**Dataset extract:**

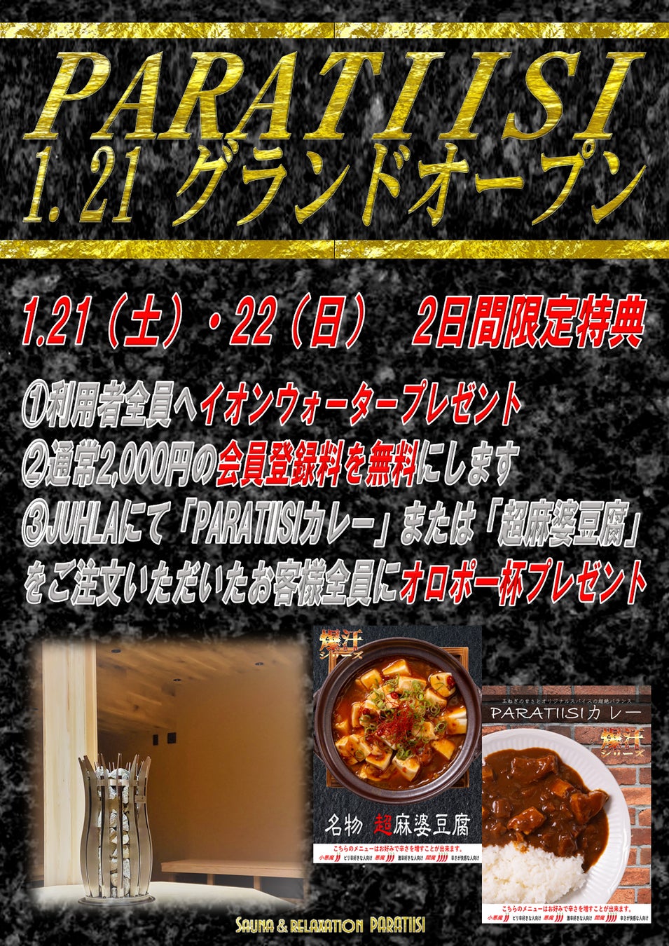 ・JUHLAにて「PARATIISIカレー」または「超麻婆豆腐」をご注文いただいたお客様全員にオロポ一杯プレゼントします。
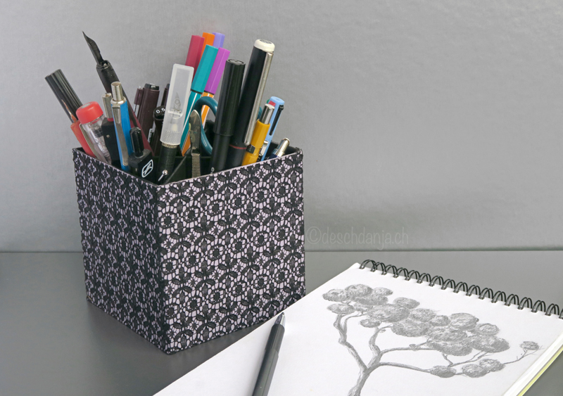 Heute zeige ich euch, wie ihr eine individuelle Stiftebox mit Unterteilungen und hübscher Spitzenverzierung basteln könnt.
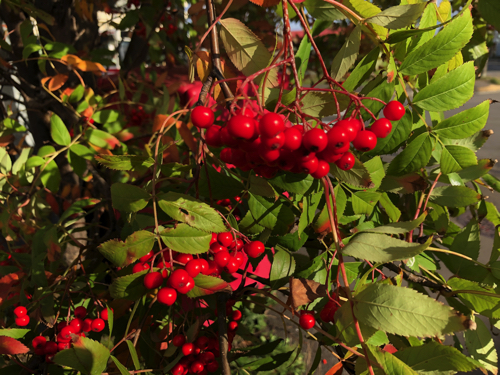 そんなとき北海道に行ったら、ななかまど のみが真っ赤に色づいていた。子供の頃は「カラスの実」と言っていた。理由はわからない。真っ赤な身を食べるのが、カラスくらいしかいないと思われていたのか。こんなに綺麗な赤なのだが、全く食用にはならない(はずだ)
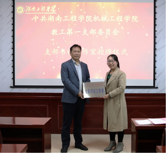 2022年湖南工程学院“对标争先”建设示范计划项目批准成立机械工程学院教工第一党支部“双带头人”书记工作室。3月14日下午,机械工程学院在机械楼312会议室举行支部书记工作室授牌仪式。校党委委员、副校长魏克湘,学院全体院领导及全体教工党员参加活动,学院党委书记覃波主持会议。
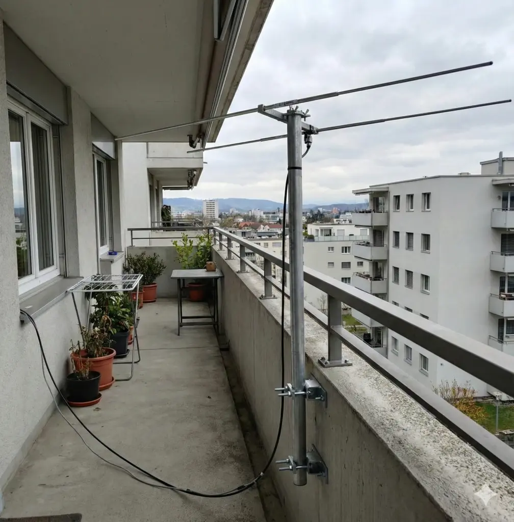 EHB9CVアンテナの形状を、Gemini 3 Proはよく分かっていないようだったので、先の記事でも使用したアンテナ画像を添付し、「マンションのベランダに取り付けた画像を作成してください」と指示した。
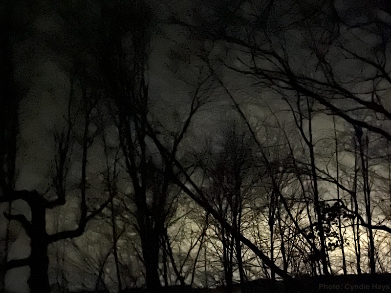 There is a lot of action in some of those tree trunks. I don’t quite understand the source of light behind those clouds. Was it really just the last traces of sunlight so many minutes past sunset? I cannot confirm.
--
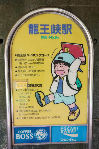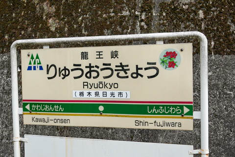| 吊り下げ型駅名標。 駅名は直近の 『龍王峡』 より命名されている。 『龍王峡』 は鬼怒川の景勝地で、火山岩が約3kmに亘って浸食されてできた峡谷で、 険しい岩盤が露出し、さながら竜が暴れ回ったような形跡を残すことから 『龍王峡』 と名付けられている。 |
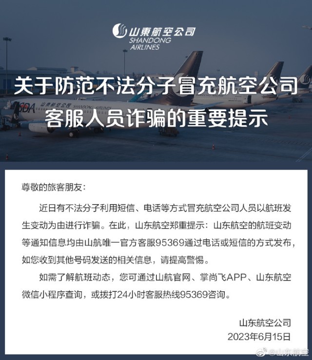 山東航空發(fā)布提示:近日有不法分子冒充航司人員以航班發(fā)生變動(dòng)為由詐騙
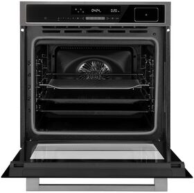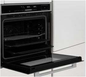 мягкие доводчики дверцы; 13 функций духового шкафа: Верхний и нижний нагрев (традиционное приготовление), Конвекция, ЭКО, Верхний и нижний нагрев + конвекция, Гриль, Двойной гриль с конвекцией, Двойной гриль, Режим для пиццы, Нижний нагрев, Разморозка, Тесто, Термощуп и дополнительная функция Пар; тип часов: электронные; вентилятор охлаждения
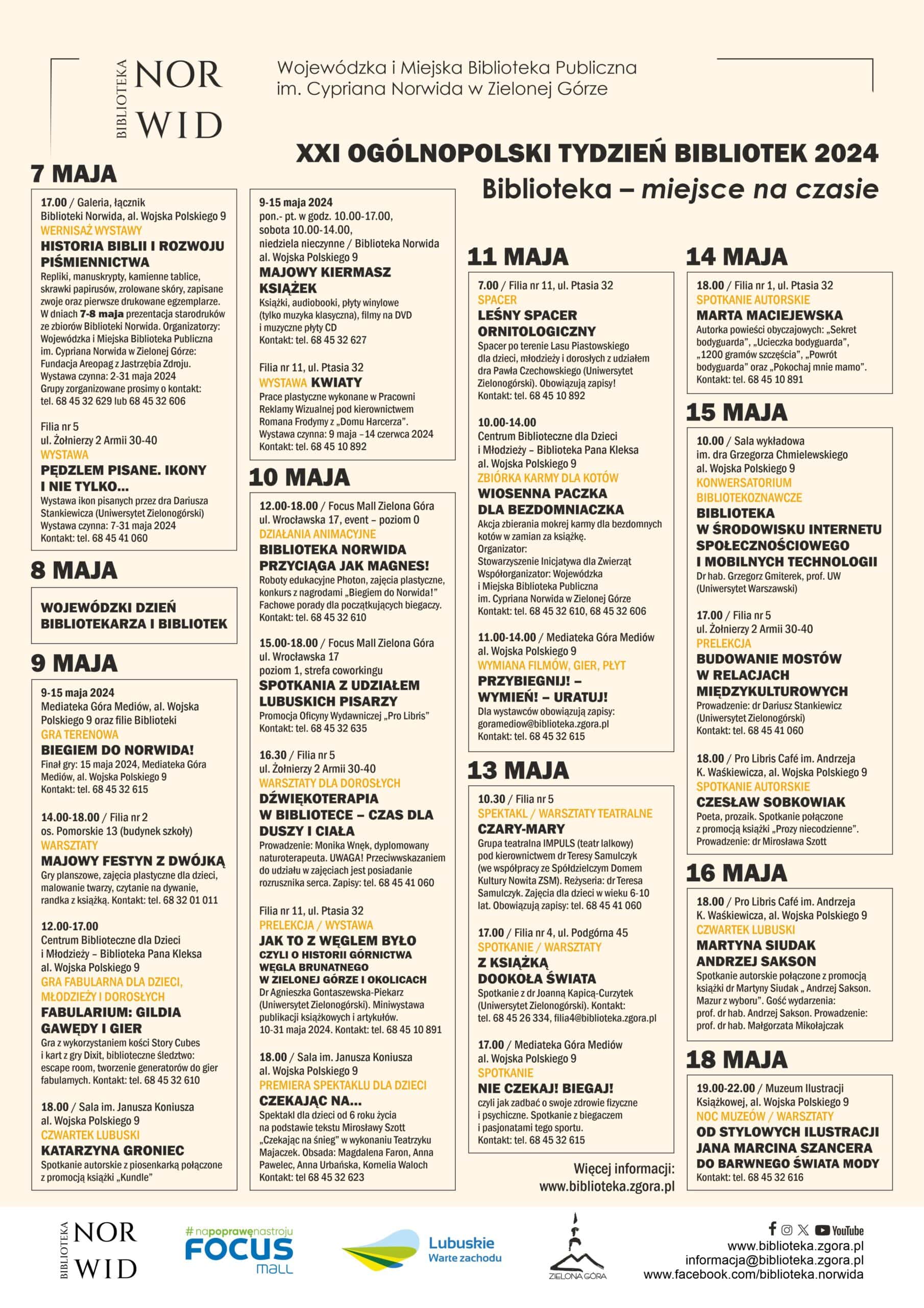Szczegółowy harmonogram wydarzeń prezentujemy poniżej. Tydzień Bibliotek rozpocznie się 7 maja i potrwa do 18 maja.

**What you are asked to do:**
Reproduce exactly the lines above that run from the one with "Heute zeige ich" to the one with "There is a lot", both included, leaving pictures out.

**Result of the exercise:**
 Heute zeige ich euch, wie ihr eine individuelle Stiftebox mit Unterteilungen und hübscher Spitzenverzierung basteln könnt.
 そんなとき北海道に行ったら、ななかまど のみが真っ赤に色づいていた。子供の頃は「カラスの実」と言っていた。理由はわからない。真っ赤な身を食べるのが、カラスくらいしかいないと思われていたのか。こんなに綺麗な赤なのだが、全く食用にはならない(はずだ)
 2022年湖南工程学院“对标争先”建设示范计划项目批准成立机械工程学院教工第一党支部“双带头人”书记工作室。3月14日下午,机械工程学院在机械楼312会议室举行支部书记工作室授牌仪式。校党委委员、副校长魏克湘,学院全体院领导及全体教工党员参加活动,学院党委书记覃波主持会议。
 EHB9CVアンテナの形状を、Gemini 3 Proはよく分かっていないようだったので、先の記事でも使用したアンテナ画像を添付し、「マンションのベランダに取り付けた画像を作成してください」と指示した。
 There is a lot of action in some of those tree trunks. I don’t quite understand the source of light behind those clouds. Was it really just the last traces of sunlight so many minutes past sunset? I cannot confirm.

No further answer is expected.